WORK TO COMPLETE: Scan the records below for the line with "I hereby make" and the line with "White female t", and retype that range exactly, both ends included, pictures excepted.
══ EXERCISE MATERIALS
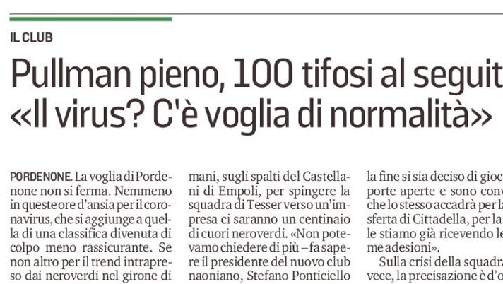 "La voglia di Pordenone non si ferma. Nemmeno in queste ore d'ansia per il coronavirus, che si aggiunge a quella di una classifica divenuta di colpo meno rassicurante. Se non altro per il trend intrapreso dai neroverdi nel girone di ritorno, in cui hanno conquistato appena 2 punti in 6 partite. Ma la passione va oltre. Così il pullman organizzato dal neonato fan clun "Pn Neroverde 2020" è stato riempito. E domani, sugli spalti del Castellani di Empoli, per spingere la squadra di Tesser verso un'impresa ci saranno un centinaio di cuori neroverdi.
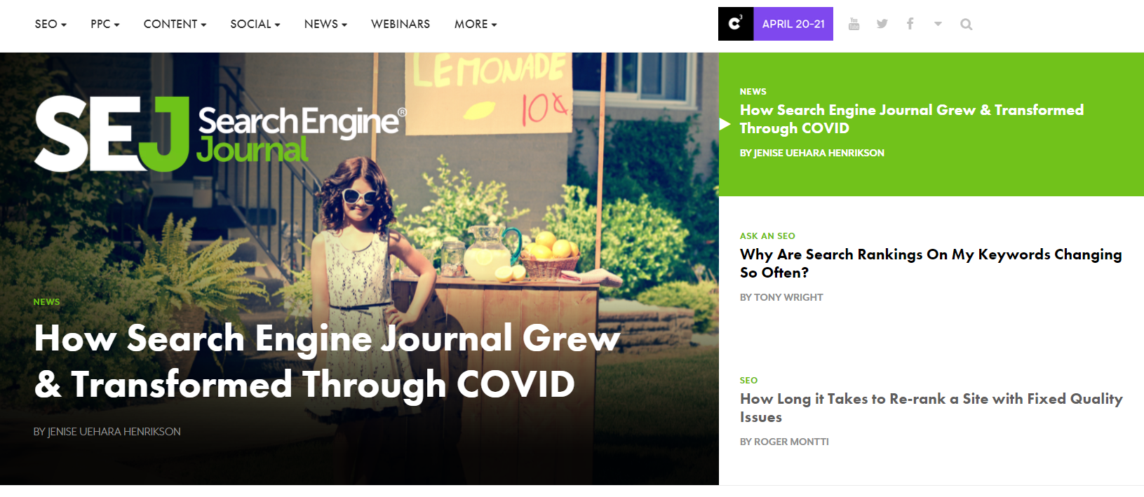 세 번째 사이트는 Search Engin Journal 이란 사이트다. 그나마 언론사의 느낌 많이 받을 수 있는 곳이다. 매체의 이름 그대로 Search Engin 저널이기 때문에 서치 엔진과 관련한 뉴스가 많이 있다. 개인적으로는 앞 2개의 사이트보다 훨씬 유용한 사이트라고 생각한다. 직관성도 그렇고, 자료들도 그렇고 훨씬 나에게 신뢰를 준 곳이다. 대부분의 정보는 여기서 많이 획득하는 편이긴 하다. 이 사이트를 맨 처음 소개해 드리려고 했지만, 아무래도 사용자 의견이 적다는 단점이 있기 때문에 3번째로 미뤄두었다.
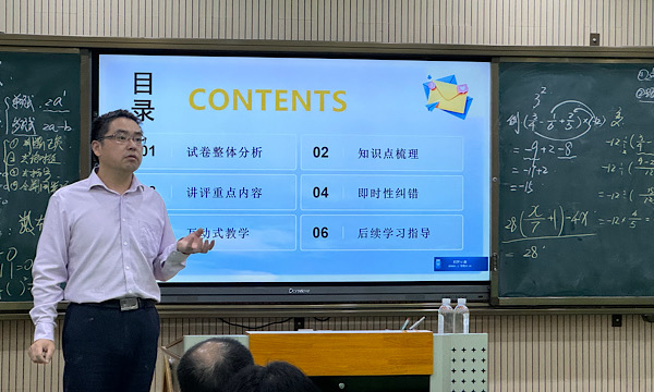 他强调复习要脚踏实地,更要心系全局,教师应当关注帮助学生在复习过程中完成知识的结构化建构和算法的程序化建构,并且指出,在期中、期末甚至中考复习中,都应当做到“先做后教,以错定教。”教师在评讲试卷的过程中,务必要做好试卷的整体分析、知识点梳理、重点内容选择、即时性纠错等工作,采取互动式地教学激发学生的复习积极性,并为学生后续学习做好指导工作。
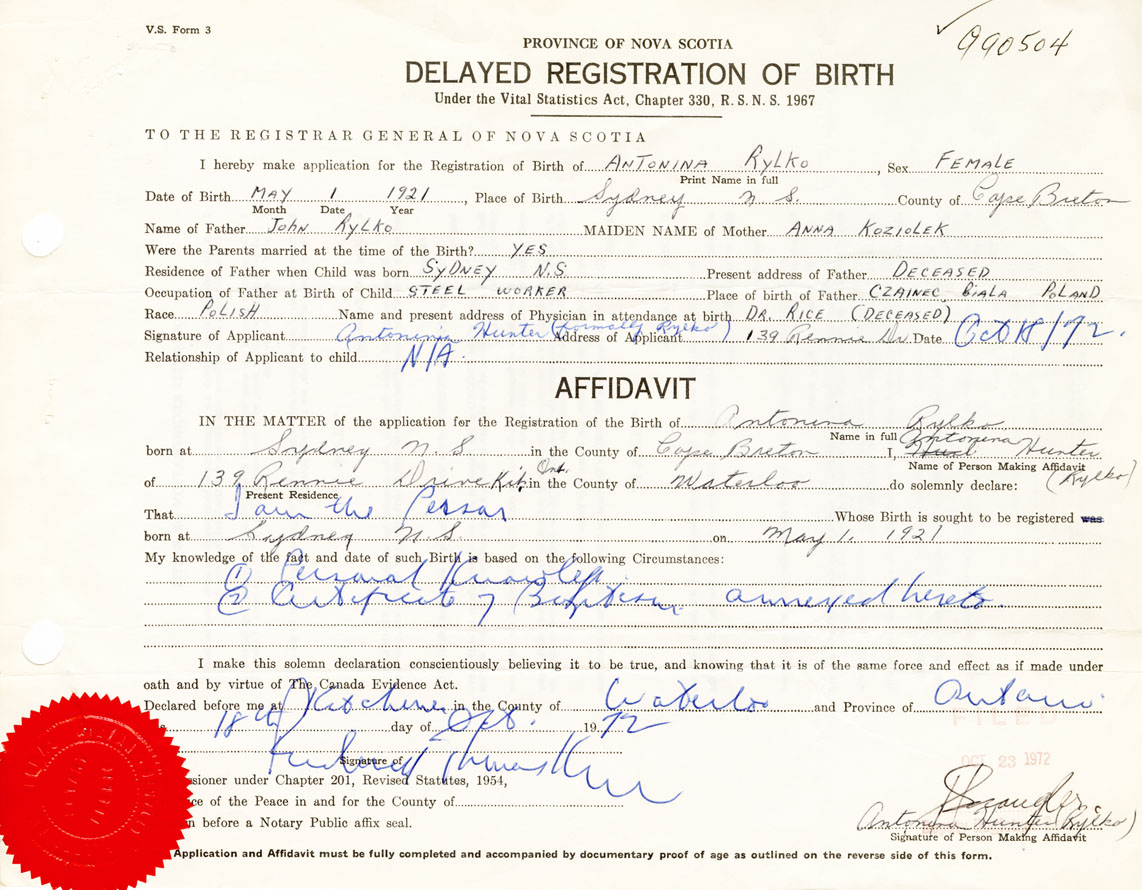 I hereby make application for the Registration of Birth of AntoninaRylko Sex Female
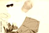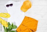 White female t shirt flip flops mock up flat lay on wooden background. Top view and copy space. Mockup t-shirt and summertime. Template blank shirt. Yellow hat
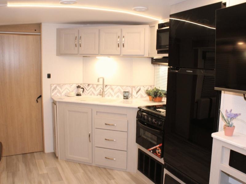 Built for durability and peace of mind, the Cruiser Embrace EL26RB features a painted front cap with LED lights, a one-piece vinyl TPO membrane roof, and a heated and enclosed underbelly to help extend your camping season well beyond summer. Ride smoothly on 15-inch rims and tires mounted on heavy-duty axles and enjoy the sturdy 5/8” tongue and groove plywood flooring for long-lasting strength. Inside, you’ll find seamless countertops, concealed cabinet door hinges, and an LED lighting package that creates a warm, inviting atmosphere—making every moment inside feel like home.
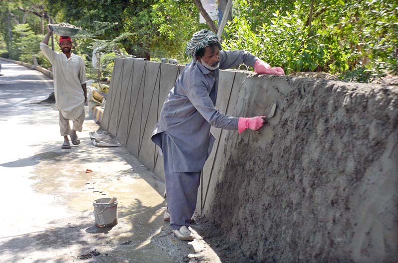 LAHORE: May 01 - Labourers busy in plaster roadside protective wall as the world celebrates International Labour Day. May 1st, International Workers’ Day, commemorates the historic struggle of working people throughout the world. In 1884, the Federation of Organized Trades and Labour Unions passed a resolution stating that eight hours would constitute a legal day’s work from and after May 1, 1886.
════
SOLUTION FOR THIS TASK:
 I hereby make application for the Registration of Birth of AntoninaRylko Sex Female
 White female t shirt flip flops mock up flat lay on wooden background. Top view and copy space. Mockup t-shirt and summertime. Template blank shirt. Yellow hat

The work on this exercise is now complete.